With predictive maintenance and machine health technology, you’ll know when your machines are likely to break down and exactly what needs to be repaired before malfunctions can halt your production. These actionable insights reduce unplanned machine downtime and help your team move into planned/scheduled maintenance with insights that will help them make repairs efficiently — while significantly increasing machine availability. This also helps reduce scrap by ensuring machines operate at optimal levels and helps maintenance teams eliminate issues before they start to negatively impact the quality of your products.
2. Facility Design
The advantages of machine health monitoring are mostly mechanical in nature and revolve around how machines perform. Yet several other factors outside of mechanical ones also affect OEE, including the overall design of your facility.

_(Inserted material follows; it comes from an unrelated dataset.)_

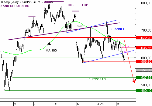 META PLATFORMS a accéléré à la baisse hier soir à la suite de la décision de justice en sa défaveur. Nos objectifs sont dépassés, et nous proposons de prendre des profits partiels. La baisse est violente, et pourrait mener plus bas, les indicateurs ne reflétant pas une survente particulièrement importante.

Having machine health data from each of your production lines can help you recognize consistent issues and identify which machine configurations perform the best. With those insights, you can reproduce your best-performing configurations and avoid known issues in every line, optimizing the overall design of your facility.
3. Operator Error
In addition to mechanics and facility design, operator error is another essential metric in operational effectiveness. Companies with low OEE can often attribute it to personnel who lack proper training and knowledge of operating procedures or who don’t follow the right methodologies. Machine health monitoring provides deep visibility into machine performance to help determine early on when and how operator behavior is negatively impacting OEE. It can also help drive a machine health training program to help your teams do what they do, better.
Each point of improvement in OEE can have a tremendous impact on productivity. Deep machine health insights and data that help you boost your OEE can translate into millions of dollars in savings and boosted revenue for your company. As you optimize the OEE for each facility, you can uncover additional capacity from existing assets, scaling your productivity significantly without having to invest in new facilities or machines.